The scene: An ancient city surrounded by the calming, fragrant scent of pink hybrid Damask roses. The soil is particularly well suited for their survival. It’s so rich a smell that those who walk through the streets are greeted with the aroma when passing the storm drains. For more than 400 years, those who have lived in India’s perfume capital of Kannauj have bottled their “liquid gold,” using traditional methods across more than 200 of the country’s perfume distilleries.
LSA’s Ambuj Tewari, professor of statistics, fondly remembers the sensory wonder of growing up near Kannauj. He recalls visiting family members who worked in the perfume business there and the certain attars, or essential oils, like spicy shamama, earthy khus, and sweet kewda, that take him back.
“As humans, we construct our reality primarily through sight and sound. But olfaction does play a major role in the human experience. The sense of smell is intimately connected with memories. We enjoy fragrances and perfumes, and the flavor of foods and beverages is a complex experience mediated by both smell and taste, but predominantly smell,” he says.
Tewari combined his interests—smell, the first sense to develop as part of human evolution; chemistry, inspired by his father’s career; and machine learning, a branch of artificial intelligence that seeks to give machines the ability to learn from experience—to embark on an atypical career path.
“I developed an unusual interest, I guess,” he laughs. “Over the years, I found myself drawn more and more to machine olfaction, or the automated simulation of the sense of smell.”

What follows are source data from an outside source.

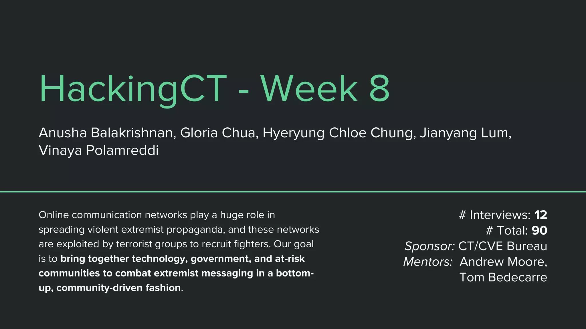 The document summarizes the work of HackingCT - Week 8. It discusses using technology, government, and at-risk communities to combat extremist messaging in a bottom-up manner. It details 12 interviews conducted so far with 90 total. The goal is to bring credible former extremists and family/friends of radicalized individuals together to provide help and information to those at risk of radicalization through an anonymous textline. The proposed MVP and mission model canvas are described.
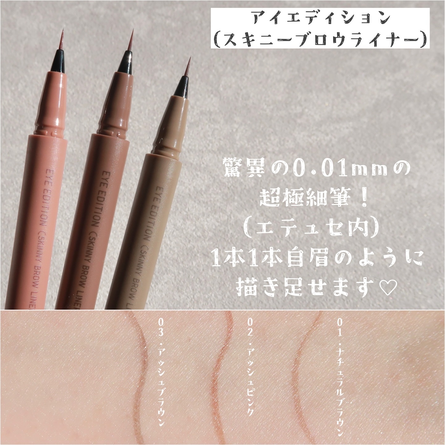 今季のエテュセも相変わらずオシャレで可愛いカラーがたくさん! 数量限定商品もあるので気になる方はぜひチェックしてみてください🐰 アイエディション スキニーブロウライナー 01 ナチュラルブラウン ¥1,430 🛍️2024年11月21日(木)発売
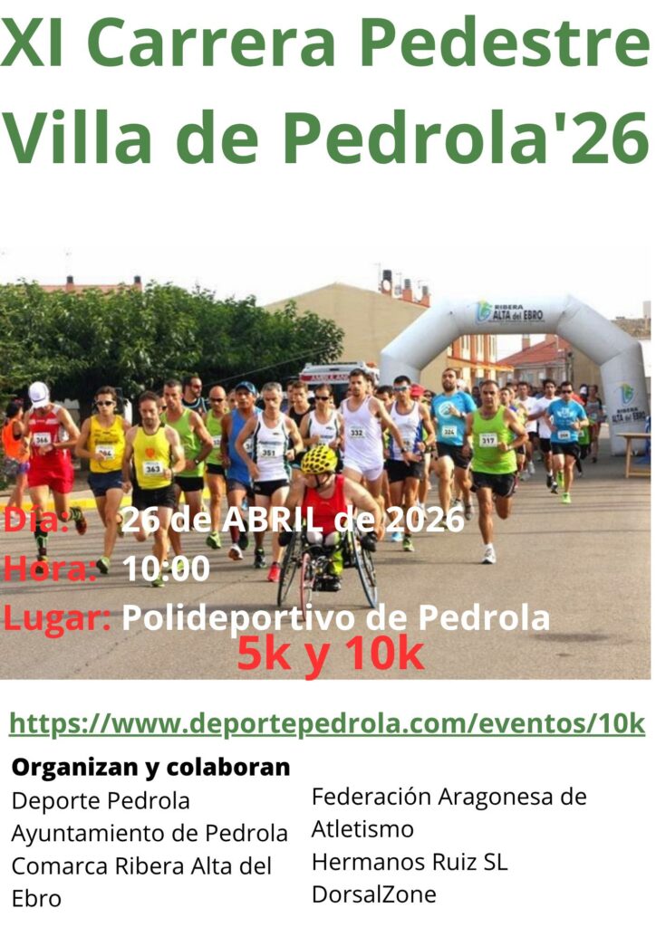El próximo día 26 de abril de 2026 se celebrará en Pedrola la XI edición de la Carrera Pedestre Villa de Pedrola.
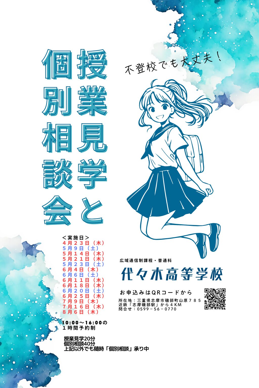 代々木高校では、スクーリング(授業)の見学会と個別相談会をこの日程で行なっています。この日程以外でも随時相談会を受け付けています。お申し込みはQRコードまたはこちらからどうぞ。

The automated simulation of the sense of smell? Yes, he’s talking about giving a robot a nose, in a way. This could potentially help with testing the quality of food, detecting diseases, finding illicit drugs, and monitoring the environment, among other uses.
If you’re picturing R2-D2 with a prosthetic nose, that’s not exactly right. Tewari’s robot is an ordinary computer, but instead of programming it to spit out binary data of ones and zeros, which would be much more typical in a statistics course, he creates a learning algorithm, consisting of common scent categories and descriptors created by the students, that allows his robot to learn and then assess the chemical composition of a molecule. The computer can then tell you, for example, if it would produce a woody and warm or fruity and fresh scent.